Source material:
--------------------------------------------------

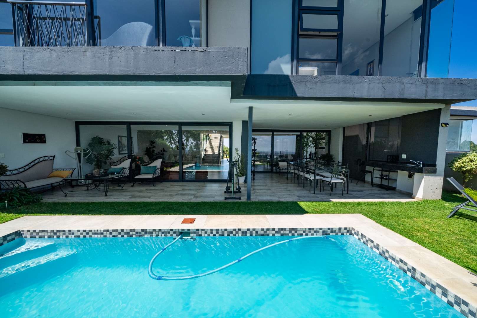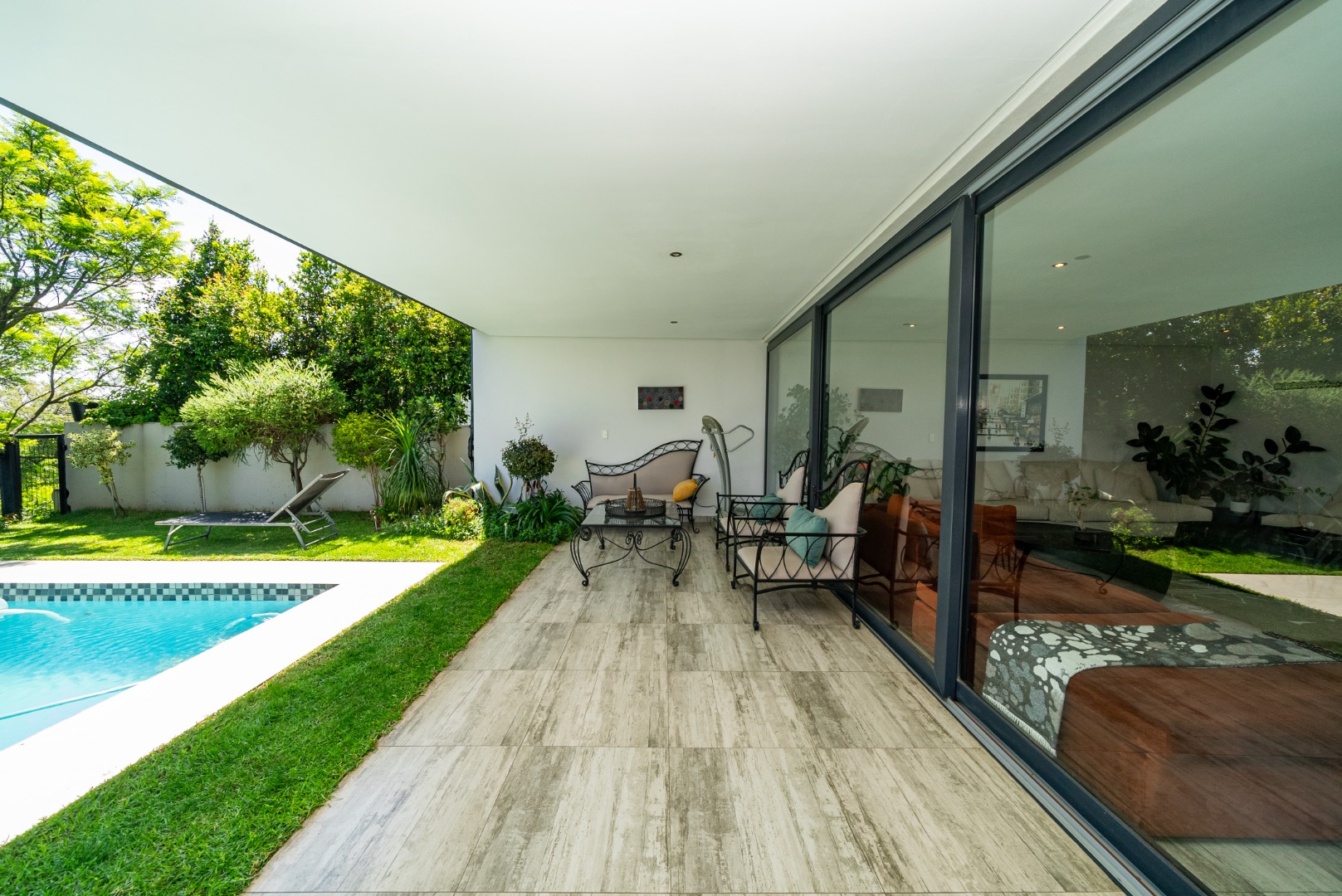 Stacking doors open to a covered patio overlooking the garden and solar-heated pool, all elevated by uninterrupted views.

--------------------------------------------------

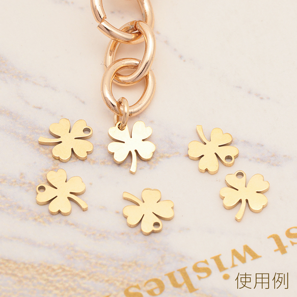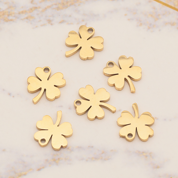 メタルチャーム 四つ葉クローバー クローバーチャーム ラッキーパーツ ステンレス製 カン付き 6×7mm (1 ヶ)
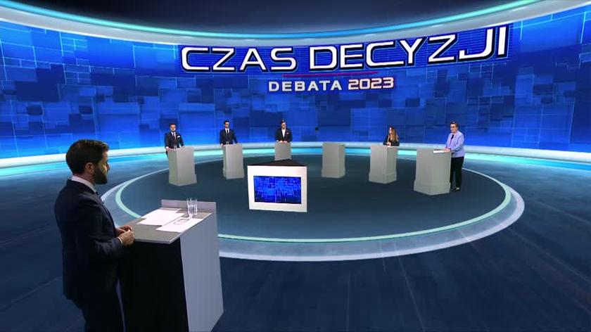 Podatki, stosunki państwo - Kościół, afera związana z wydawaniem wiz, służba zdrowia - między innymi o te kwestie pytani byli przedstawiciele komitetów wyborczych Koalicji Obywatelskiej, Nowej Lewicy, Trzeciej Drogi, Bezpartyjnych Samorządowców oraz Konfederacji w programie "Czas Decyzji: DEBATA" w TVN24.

--------------------------------------------------

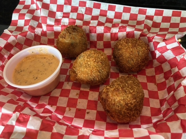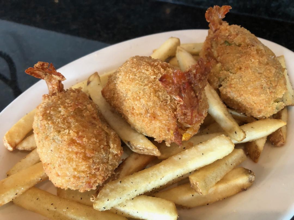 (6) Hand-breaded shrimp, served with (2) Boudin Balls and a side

--------------------------------------------------

Directions for this task: Going by the data above, the answer is exactly the lines from the one holding "メタルチャーム 四つ葉クローバー クローバーチャーム" to the one holding "Podatki, stosunki państwo", both kept, with the pictures left out.

Exercise output:
 メタルチャーム 四つ葉クローバー クローバーチャーム ラッキーパーツ ステンレス製 カン付き 6×7mm (1 ヶ)
 Podatki, stosunki państwo - Kościół, afera związana z wydawaniem wiz, służba zdrowia - między innymi o te kwestie pytani byli przedstawiciele komitetów wyborczych Koalicji Obywatelskiej, Nowej Lewicy, Trzeciej Drogi, Bezpartyjnych Samorządowców oraz Konfederacji w programie "Czas Decyzji: DEBATA" w TVN24.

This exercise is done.